WHAT THE TASK REQUIRES: Take the line that contains "在战斗环节(红箭头标识),通" and every line below it to the end of the entries, and give them again exactly, leaving out any pictures.

*** MATERIALS PROVIDED ***

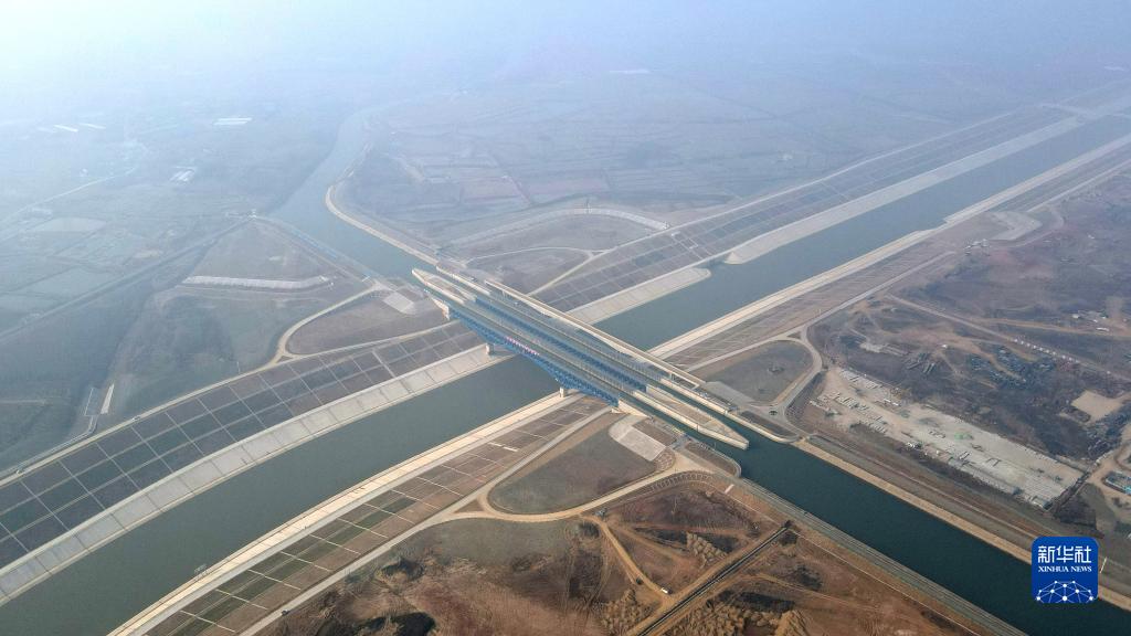 12月30日,中鐵四局參建的引江濟淮淠河總干渠渡槽通航(無(wú)人機照片)。淠河總干渠從引江濟淮運河上凌空而過(guò),呈現出河上有河的“水上立交”景象。
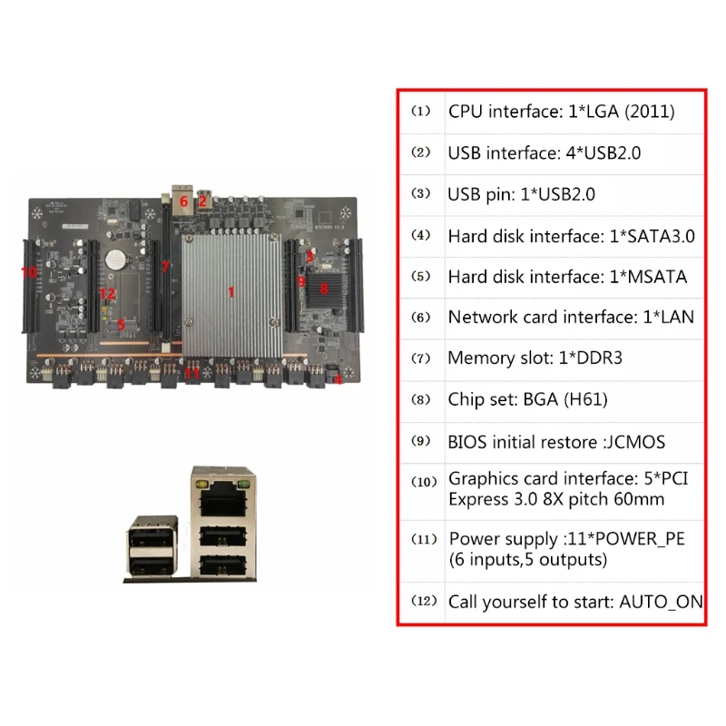 Чип H61 и одноканальный разъем ЦП LGA 2011.,5 интерфейс видеокарты PCIe 3,0 X8., мощность обработки одного GPU составляет до 48 мгн/с, и он идеально поддерживает видеокарты s с видеопамяти 4 Гб, что значительно улучшает функцию майнинга вычислительной мощности. Поддержка графических карт 3060., слот для видеокарты на большие расстояния 60 мм.,
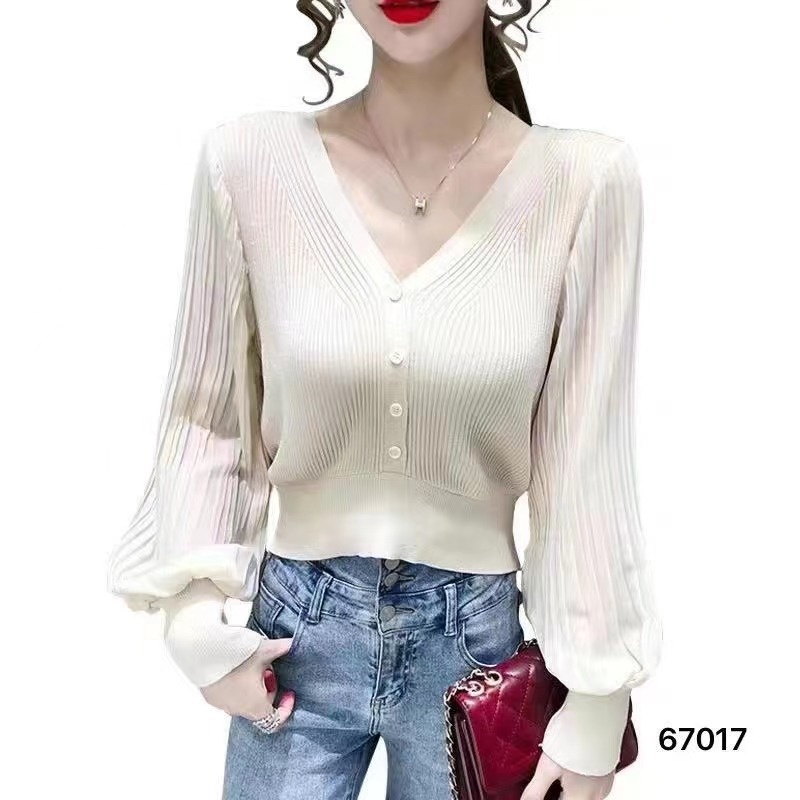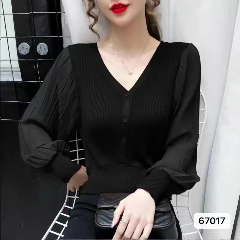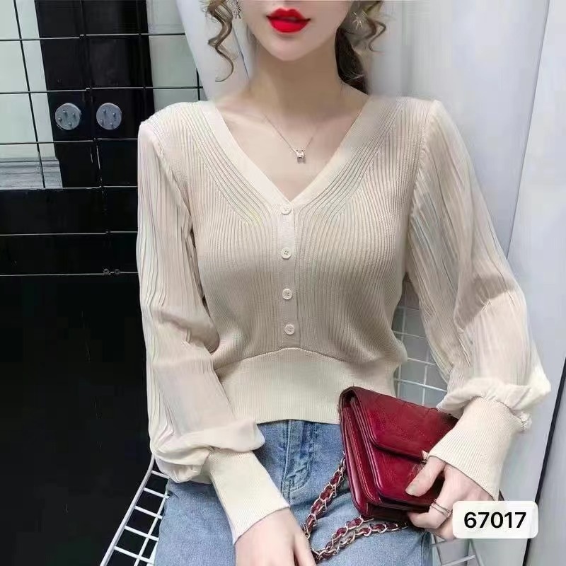 2023年夏季新款韩版设计感洋气减龄Vv领排扣修身灯笼袖上衣女新潮
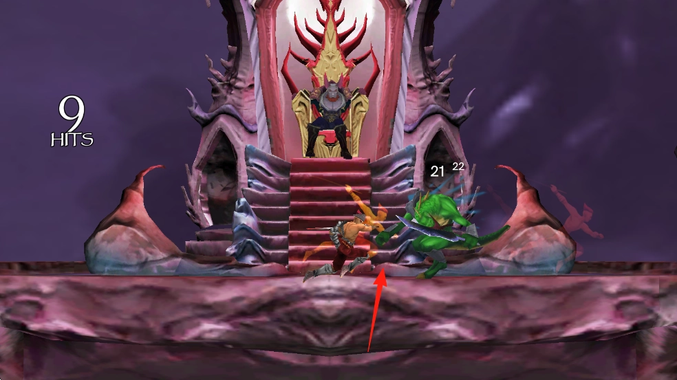 在战斗环节(红箭头标识),通过连续攻击达成9次连击(9HITS),成功触发连招机制,击败绿龙后积累combo值,进而挑战最终BOSS(王座上的角色),推动剧情向前发展。
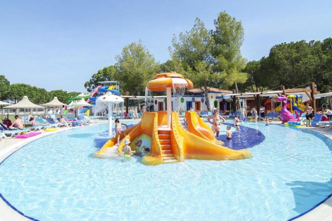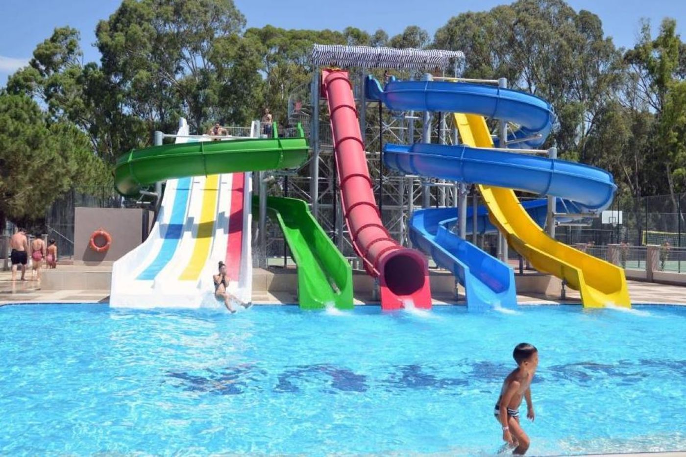 Собствен пясъчен плаж, притежател на сертификат "Син флаг". Предлага 2 открити басейна с прясна вода (неотопляеми), с площ 1080 кв.м. и 271 кв.м. Работно време: 08:00-18:00 ч. 5 водни пързалки (неотопляеми), работно време 10:00-12:00 ч./14:00-16:30 ч. Чадъри, шезлонги и матраци при басейните и на плажа се предоставят безплатно.
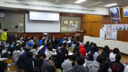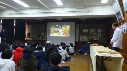 児童はワークシートにメモをしながら,熱心に話を聞いていました。
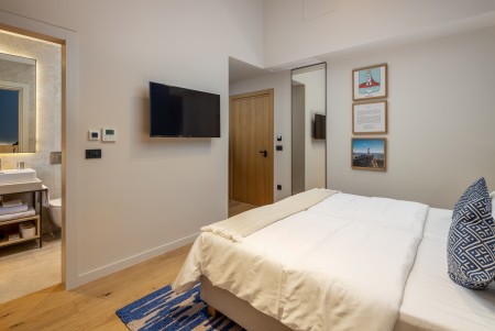 22 Zimmer: modern eingerichtet, verfügen über ein Doppelbett oder zwei Einzelbetten, Klimaanlage, Minibar, Schreibtisch, Safe, SAT-TV, Telefon und Föhn sowie Badezimmer mit begehbarer Dusche und WC. Babybett auf Anfrage

*** End of MATERIALS PROVIDED ***

TASK RESPONSE:
 在战斗环节(红箭头标识),通过连续攻击达成9次连击(9HITS),成功触发连招机制,击败绿龙后积累combo值,进而挑战最终BOSS(王座上的角色),推动剧情向前发展。
 Собствен пясъчен плаж, притежател на сертификат "Син флаг". Предлага 2 открити басейна с прясна вода (неотопляеми), с площ 1080 кв.м. и 271 кв.м. Работно време: 08:00-18:00 ч. 5 водни пързалки (неотопляеми), работно време 10:00-12:00 ч./14:00-16:30 ч. Чадъри, шезлонги и матраци при басейните и на плажа се предоставят безплатно.
 児童はワークシートにメモをしながら,熱心に話を聞いていました。
 22 Zimmer: modern eingerichtet, verfügen über ein Doppelbett oder zwei Einzelbetten, Klimaanlage, Minibar, Schreibtisch, Safe, SAT-TV, Telefon und Föhn sowie Badezimmer mit begehbarer Dusche und WC. Babybett auf Anfrage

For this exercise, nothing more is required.